The performance of the supplemented ATSDR chemicals and mixtures further confirmed the selective nature of GFP-ARER chromatin binding (Supplemental Figure 3). Of the 53 individual chemicals, only bisphenol C (BPC) induced a strong nuclear translocation response (65% of DHT response). Other chemicals (bisphenol F, tetramethyl-bisphenol A) and mixtures (AC50 mx, CAT APP) were able to induce a weak nuclear translocation response (10-12% of DHT response). None of the individual chemicals or mixtures were able to induce chromatin binding, suggestive of minimal androgenic activity in the supplemented ATSDR reference set of individual chemicals or complex mixtures.

To understand the relationships between the observed responses, we compiled nuclear translocation, chromatin binding, and receptor stabilization metric AUC data from active chemicals/mixtures. All data is standardized to a range based on vehicle and DHT controls and clustered using a k-means algorithm (Figure 4). Cluster 1 contains chemicals that induced a high AUC score for nuclear translocation, chromatin binding, and receptor stabilization. It contains 5alpha-dihydrotesterone and 17-methyltestosterone, the only two strong/moderate AR agonist in the chemicals tested (Supplemental Table 1).

Figure 4.

Figure 4.

Unsupervised clustering of GFP-ARER endpoints of active chemicals. Normalized AUC scores from active chemicals identified in either the EPA or ATSDR reference sets were clustered using a K-means based algorithm. All inactive scores (< 0.1) were set to zero to improve clustering performance and visualization. Both the chemicals and endpoints were clustered.

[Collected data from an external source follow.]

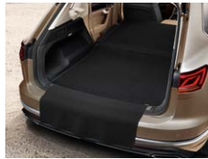
Cargo liner Luggage compartment plug-in module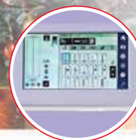
7" Color LCD Touchscreen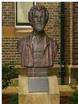
Bust of Miklouho-Maclay, Macleay Museum at University of Sydney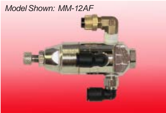
Model Shown: MM-12AF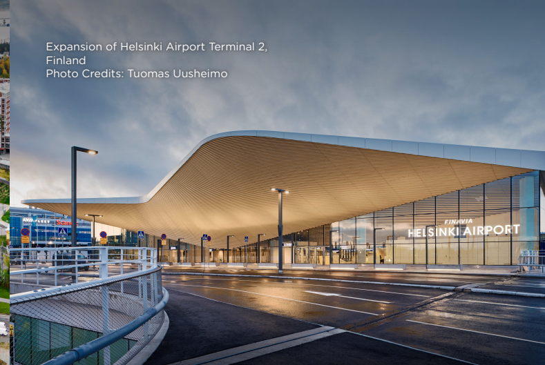
Expansion of Helsinki Airport Terminal 2, Finland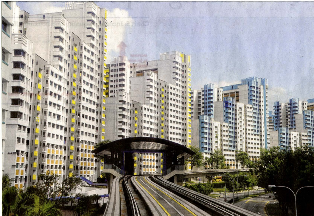
As a global superstar city as well as a nation state, Singapore has harnessed the entire spectrum of land and housing policies to keep housing prices affordable. Its house price to income ratio of five is the lowest among the global superstar cities.

In most European countries, the richest 10 per cent own around 60 per cent of national wealth, the poorest 50 per cent invariably own less than 5 per cent.

Cluster 2 contains 3 chemicals that induced a low/moderate AUC score for all three metrics. Spironolactone has demonstrated mixed in vitro and in vivo (anti-)androgenic activity in previous studies.36,37 Estrone has previously demonstrated in vitro androgenic activity.37 Literature review classifies 17alpha-estradiol as inactive, however, an EPA computational model predicting androgenic activity based on multiple in vitro assays identified this chemical as a moderate/weak androgen.36 This suggests cluster 2 compounds are those with mixed/weak androgenic activity in in vitro assays.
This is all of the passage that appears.